India's Emerging Market Positioning Reset as Risk Sentiment Shifts
Market Sentiment Soars in Risk-Off Phase Amid Geopolitical Tensions
India has been in a sustained foreign institutional investor (FII) risk-off phase since late 2024, which intensified in March amid rising geopolitical tensions and oil-price volatility. Sentiment softened as the expected duration of the conflict became less clear, raising concerns about domestic growth and potential earnings downgrades as crude moved above $100. FII outflows, profit booking by retail investors, and a moderation in domestic institutional investor (DII) buying together amplified the decline in equity markets. FIIs have sold about $16.5 billion over the past 12 months in India, of which $11.5 billion is in this month, among the highest across emerging markets.
A key driver of the selling has been India’s premium valuation.

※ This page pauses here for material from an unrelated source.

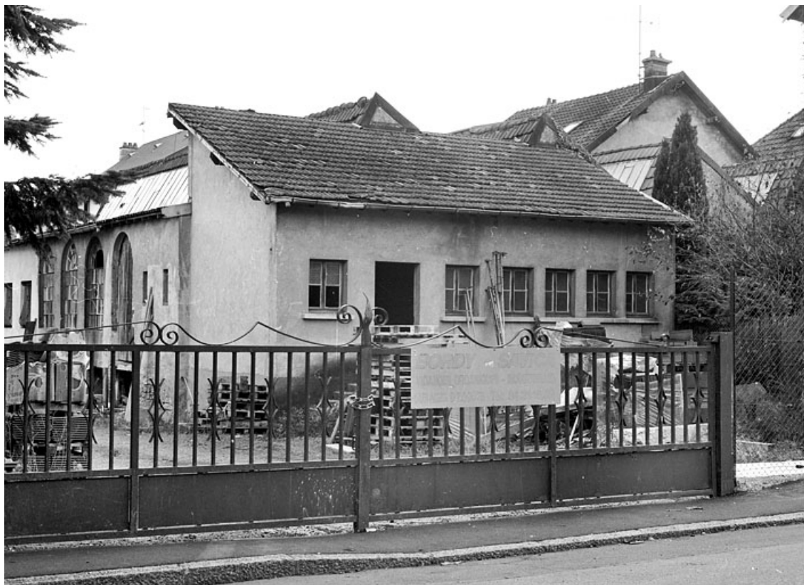
Vue arrière de l'atelier de fabrication.

As a result, market valuations have corrected toward the lower end of their five-year range after historically trading at a premium supported by strong macro fundamentals and robust domestic participation. The Nifty 50 is down 13.5% from its 52-week high. This correction puts the market in a more favorable position for a rebound, assuming the geopolitical conflict remains short-lived.
| Sector | Index Decline |
|---|---|
| Realty | 36% |
| Media | 29% |
| IT | 26% |
| FMCG | 20% |
| Auto | 16% |
Several rated stocks and sectors have seen sharp declines in both prices and valuations, creating selective opportunities.
Despite the correction, uncertainty remains elevated given limited signals of a near-term resolution, leaving room for further consolidation. On longer-term valuation metrics (for example, Nifty forward P/E versus its own 15-year average), India does not yet screen compelling enough to justify a broad rerating. The Nifty 50 currently trades at a one-year forward P/E of 17.7x versus a 15-year average of 17.0x (a modest premium).
Looking ahead to the next ~10 days, outcomes from West Asia peace talks and India’s relative positioning within emerging markets will be important for FII sentiment. India’s valuation in US-dollar terms has eased from ~21–22x to ~19x over the past year, but it remains elevated versus its own history. The valuation premium has contracted from ~100% to ~60–65%, which is close to the long-term average—suggesting flows could stabilise gradually.
Historically, geopolitical conflicts tend to increase volatility and weigh on near-term equity performance, but they can also create attractive entry points for long-term investors. A similar pattern is plausible this time: ongoing FII selling and softer domestic inflows (both DII and retail) could improve prospective entry levels, although near-term downside risks remain. Extending the peace-talk window from five days to ten days keeps hopes of resolution alive but also prolongs uncertainty and the risk of further earnings pressure in the near term.
Read also: RBI Policy Preview: A Cautionary Wait Ahead
Investor Takeaway
Investors should be cautious and consider rebalancing their portfolios as the market correction may present a buying opportunity.